If a physical tree falls in the forest does that make the virtual tree more real?

In his postlogue/added chapter to his book, Rheingold asks whether the use of the “phrase virtual community is a perversion of the notion of community?” (2001, p.325). He then goes on to talk about Clifford Stoll as an example of someone who found community online even though Stoll thinks of virtual community as a “deceptive illusion” (in Rheingold, 2001, p. 325).

About two years ago I had the privilege and adventure to hear and to interact with Cliff Stoll. It was my privilege to drop him off at the convention center where he was staying. In our limited interaction, I found him to be fully committed to the idea of strong, physical connections between people, and disillusioned with the idea that online or technology-mediated communication was either as good as or better than face-to-face. As much as Rheingold is committed to the idea of online community – albeit reframed as social networks in his postlogue, Stoll appeared committed to the real world. Like Rheingold, he wanted a better world – he generally saw technology as opposing it. My question to Rheingold would be – and to you as my audience – is it really an ironic example of community that Stoll met KJ online and stayed at her deathbed? Does his physical act validate a virtual relationship? Could Stoll’s action also be interpreted as someone who realized that there can be sacred space in the physical (in certain (AKA death) or all physical spaces) that perhaps transcends or is irreplaceable by virtual communities? Are virtual communities crutches or accessories? Do virtual communities hold up a debilitated society or do they provide an alternate way of interaction, i.e. a matter of preference allowing for differences of taste and opinion?
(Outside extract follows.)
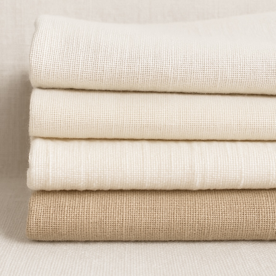 린넨은 가벼움과 뛰어난 흡습성을 동시에 갖춘 소재로 여름 대표 원단이며, 레이온은 실크처럼 부드럽고 시원한 촉감을 제공합니다. 코튼은 피부 자극이 적고 자연스러운 착용감을 주어 민감한 피부를 가진 사람들에게도 적합합니다.

In his blog Andrew Keen argues against what he sees as a modern sense of “techno-utopianism” (2006). People even disagree on the term. Is the world better or worse with the advent of this technology? Even if the Internet is a mostly neutral tool/toolkit, is our culture inclined to use it in a manner that benefits or erodes society given its current tendencies or metaphysical proclivities?

An aside – does Stoll’s argument “ring true” with me before I dug into the meat of the ideas of virtuality because of the force his physical presence? Would his argument have resonated as strongly through the written word or online chat room? Would I have even found the argument there? I’m not sure. Still, I’m of the opinion, that at least in the case of Cliff Stoll – the force of his personality could not be felt through a digital medium. Others, perhaps inhabit the force of their personality more strongly online…

3 thoughts on “If a physical tree falls in the forest does that make the virtual tree more real?

  • September 4, 2006 at 7:38 pm


    You hit the nail on the proverbial head with your questions. Personally I am of the opinion that VC and RL can and in fact coexist and merge to a great degree. Moreover, I believe that people who are strong belongers in real life will be just as strong belonger off-line.

  • September 5, 2006 at 9:13 am

    Just another thought. Would’ve Rheingold’s book been as succesful and capable of capturing the public imagination if it talked about “social networking in cyberspace” instead of “homesteading on the electronic frontier”?

  • September 5, 2006 at 11:14 am

    It sounds like you see “belonging” and/or “connection” as part of a personality trait or learned behavior of some sort. That specific individuals are more likely to find community either on or offline.

    As for Rheingold’s book, what makes it an intriguing read is in part his idealism – his great belief in the potential of technology to shape one of the things we most value in life. There is more personal appeal to the idea of “homesteading”, whereas “social networking” would have sounded like yet another business book.